Exercise aim
Copy the records below line by line and word for word, from the very first line through the line with "Damos as felicitações", omitting each picture.

Data provided START

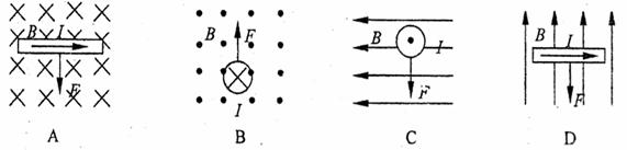 16.如图所示,磁场磁感应强度B的方向、通电直导线中电流I的方向,以及通电直导线所受磁场力F的方向,其中正确的是
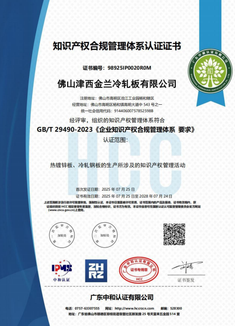 近日,津西金蘭成功通過《企業(yè)知識產(chǎn)權(quán)合規(guī)管理體系要求》(GB/T 29490-2023)認(rèn)證并獲得認(rèn)證證書。這標(biāo)志著津西金蘭在知識產(chǎn)權(quán)創(chuàng)造、運(yùn)用、保護(hù)及管理領(lǐng)域邁上了規(guī)范化、標(biāo)準(zhǔn)化、系統(tǒng)化的新階段,為公司持續(xù)提升創(chuàng)新能力和核心競爭力奠定堅實基礎(chǔ)。
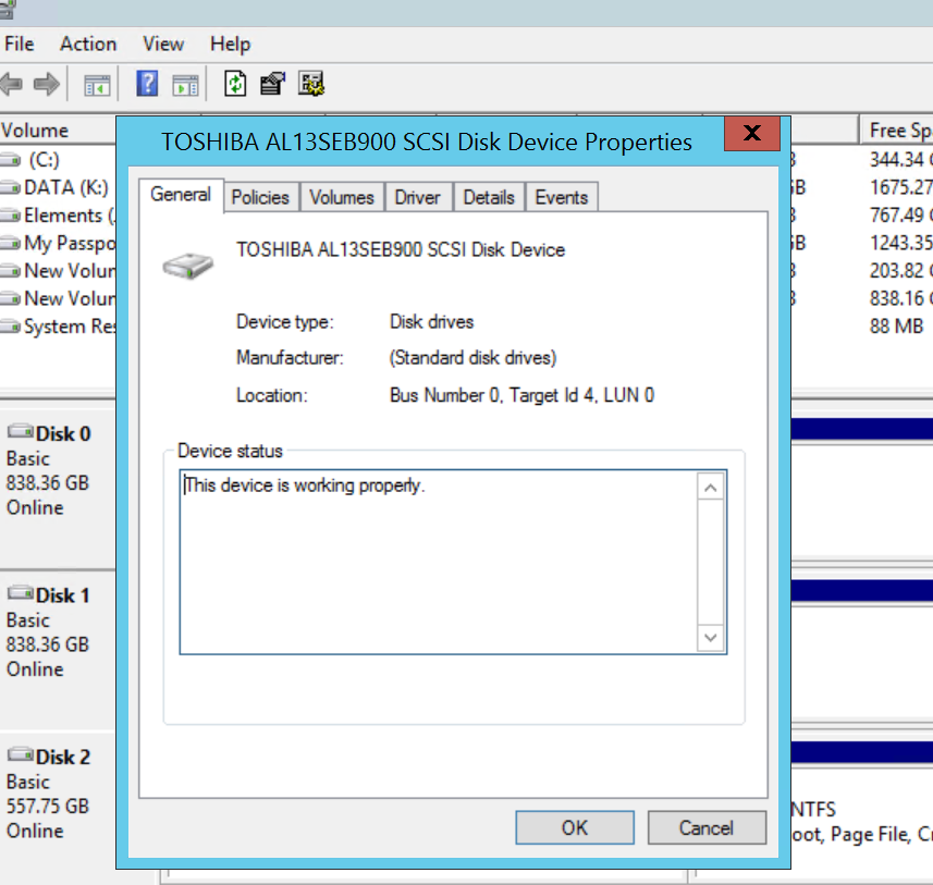 Raid olmayan disklerin sunucuda hangi disk olduğunu görmek için disk manager dan diskin özellikleri açılır.
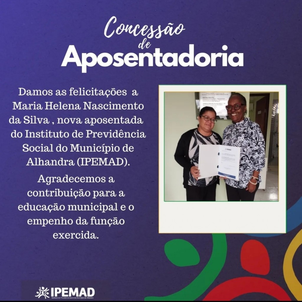 Damos as felicitações a Maria josé de Oliveira, nova aposentada do Instituto de Previdência Social do Município de Alhandra (IPEMAD).
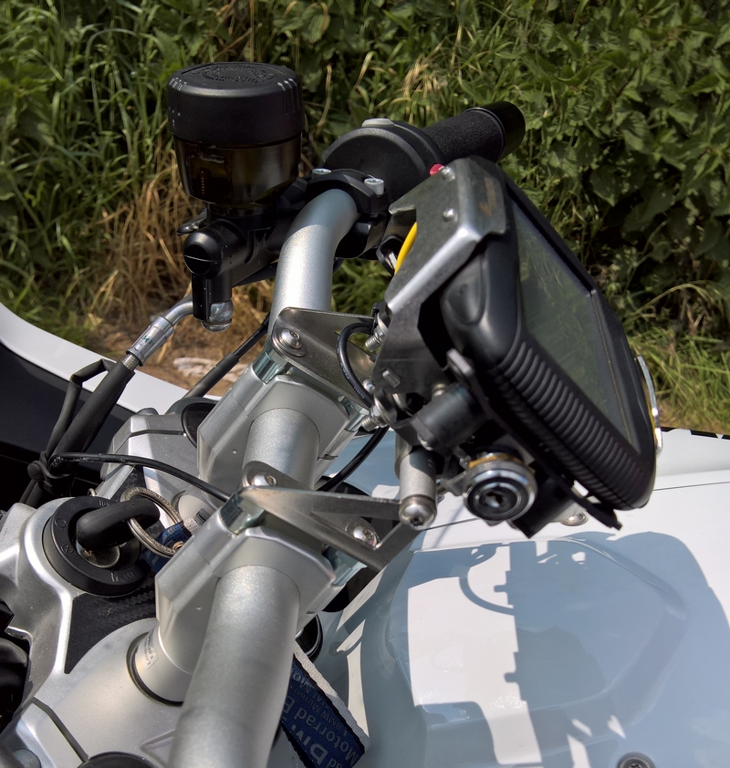 Den RAM Mount am Lenker finde ich nicht so schön, ich habe mein Garmin auf einer abschliessbaren Touratech Halterung
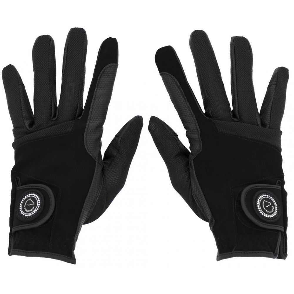 Côté look, un marquage avec un badge à strass sur le velcro de serrage apporte une touche élégante et sophistiquée, idéale pour les cavalières recherchant un look chic sans compromettre la performance.

Data provided END

Completed exercise
 16.如图所示,磁场磁感应强度B的方向、通电直导线中电流I的方向,以及通电直导线所受磁场力F的方向,其中正确的是
 近日,津西金蘭成功通過《企業(yè)知識產(chǎn)權(quán)合規(guī)管理體系要求》(GB/T 29490-2023)認(rèn)證并獲得認(rèn)證證書。這標(biāo)志著津西金蘭在知識產(chǎn)權(quán)創(chuàng)造、運(yùn)用、保護(hù)及管理領(lǐng)域邁上了規(guī)范化、標(biāo)準(zhǔn)化、系統(tǒng)化的新階段,為公司持續(xù)提升創(chuàng)新能力和核心競爭力奠定堅實基礎(chǔ)。
 Raid olmayan disklerin sunucuda hangi disk olduğunu görmek için disk manager dan diskin özellikleri açılır.
 Damos as felicitações a Maria josé de Oliveira, nova aposentada do Instituto de Previdência Social do Município de Alhandra (IPEMAD).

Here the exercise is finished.